The Associated Press
The Associated Press

Last night, in an appearance on CNN, New York Times columnist Charles Blow chalked up Black Lives Matter marchers chanting, “Pigs in a blanket, fry them like bacon,” as a justified reaction to an American society that is “arrayed against black people.

Black liberals like Charles Blow examine contemporary America through the lens of a victim-focused racial identity. In his mind, America is, always was, and always will be a devoutly racist place. And if you are black in America, you should never expect to achieve any meaningful socioeconomic success simply because of the barriers American racism permit.

Blow’s brand of Blame White America First hinders him from facing facts about black criminality. While he concedes that black people experience “disparate interactions with police,” Blow simply cannot consider that black criminality has a correlative affect on the disproportionately large number of encounters that black people have with police.

For Charles Blow, that black people face “disparate interactions with police” is another example of “structural racism” in America.

But I challenge Chalres Blow to prove how racism explains blacks in Oakland, California accounting for 28 percent of the population but making up “83 percent of the 12,161 suspects in last year’s homicides, attempted homicides, robberies, assaults with firearms and assaults with weapons other than firearms,” according to Chip Johnson of the San Francisco Chronicle.

He can’t.

Blow bemoans how black people face “longer sentences” for drug crimes. But because Charles Blow is blinded by victimhood, he refuses to ask how racism explains the Congressional Black Caucus’ support of this drug policy.

“Eleven of the twenty-one blacks who were then members of the House of Representatives voted in favor of the law which created the 100-to-1 crack–powder differential,” wrote Harvard law professor Randall Kennedy. One of those black lawmakers was Harlem Rep. Charles Rangel. He, like many other black Congressmen in 1986, was interested in dismantling the crack cartel that was consuming countless black neighborhoods. The focus 30 years ago for black federal lawmakers was less on white New York stock brokers doing a few lines of powder cocaine in some big city nightclub and more on a crack culture that was fueling a lawlessness that had began to suffocate black communities.

Nevertheless, Charles Blow sees these uneven sentences as another example of “structural racism” in America.

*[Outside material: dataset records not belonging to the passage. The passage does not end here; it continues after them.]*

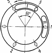 — переместить стрелку-указатель до ближайшего целого деления на шкале муфты, соединяющей двигатель с силовой передачей, разметить шкалу на шесть делений по 60° и пронумеровать их;
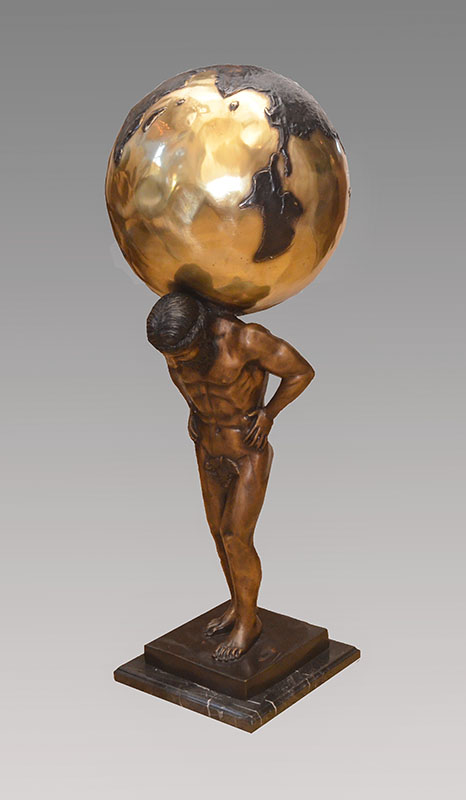 BRONZE SCULPTURE OF ATLAS WITH GLOBE: Contemporary decorative figure of Atlas with the world on his shoulders, no visible signature, affixed to marble base, overall measures 38 1/2'' h. x 14''.
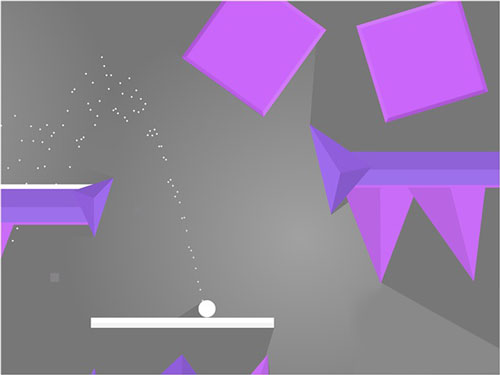 游戲在解謎玩法上并沒有引入太過復(fù)雜和深奧的關(guān)卡設(shè)計,僅僅圍繞常規(guī)的跳躍(jump)、彈跳(bounce)和滑動(slide)三個簡單的動作展開,玩家必須熟練地掌握這三項基本技能,操作小球在豐富多彩的極簡世界中一路前行。而且,游戲中的機關(guān)設(shè)計和鋪排都展現(xiàn)了一定的難度,對玩家的應(yīng)變能力要求不低。
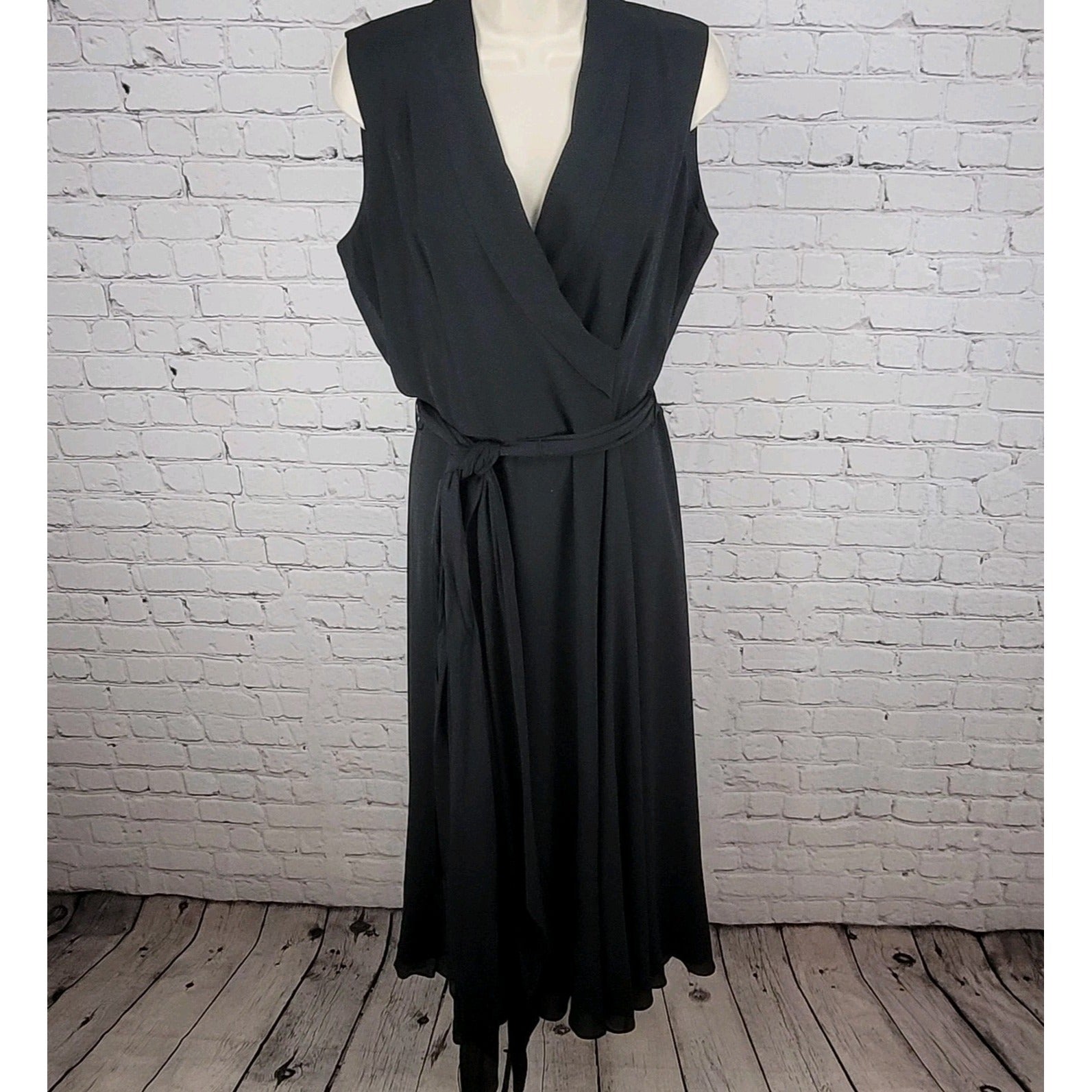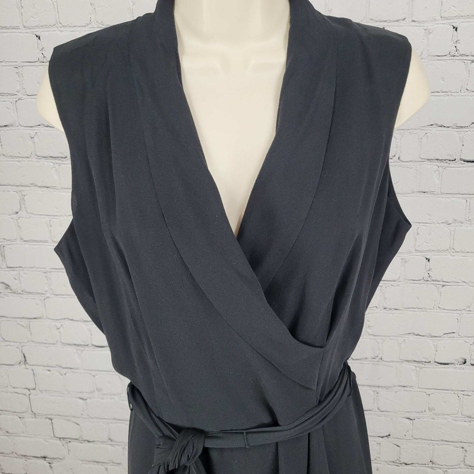 Spencer Jeremy 100% Silk Chiffon Belted Shawl Collar Midi Dress Size 10
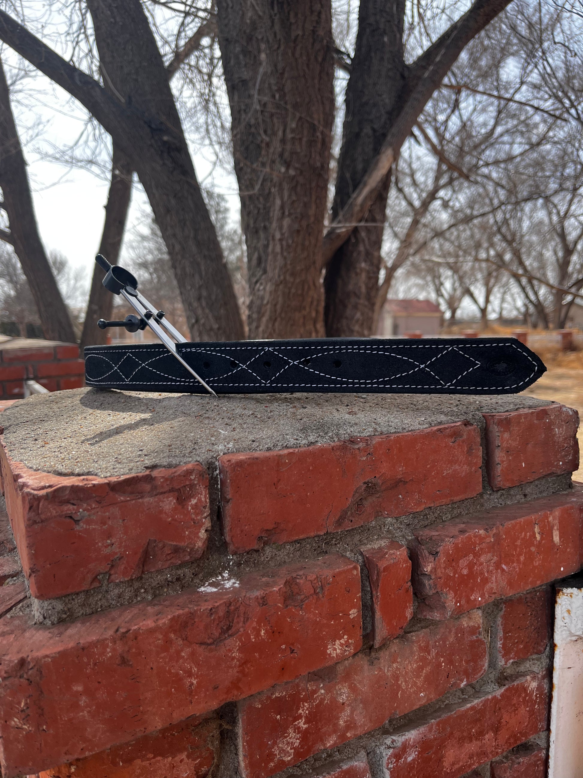 Black belt with white stitching. Measuring from bend to middle 46 inches, from bend to tip 56 inches.

Blow believes that “historical illiteracy and incuriousness creates the comfortable distance on which pernicious structural racism lies.” So, Charleston church shooter Dylan Roof wouldn’t have massacred nine people praying if only he had become more historically literate and more racially curious? If only Darren Wilson had taken more African American studies classes, he wouldn’t have shot and killed Michael Brown.

Blow’s credulity-strecthing, garden variety illogic is accepted scripture among a white liberal readership that lives in a constant state of fear of having to ever consider that black people might share some responsibility for their lot in life.

We are asked to have a conversation about the “devaluation” of black lives in America. But we must never ask what role black people play in the equation. The hegemony of black victimhood forbids liberal blacks and guilt-driven whites from even asking such questions.

Charles Blow once wrote, “There are realities that must not be ignored or minimized.”

Okay. Consider this reality: In 2012, white males were 38 percent of the population and committed 4,582 murders. That same year, black males were just 6.6 percent of the population but committed a whopping 5,531 murders.

For Blow and those like him, the aforementioned figures are the result of racism and nothing else. That I as a black man chose not to “ignore” and “minimize” the disproportionate problem of black crime makes me an accessory to the so-called oppression of black Americans.

This is madness.

If black lives truly matter to Charles Blow, he should start confronting the main driver of American-American oppression: black brutality and criminality.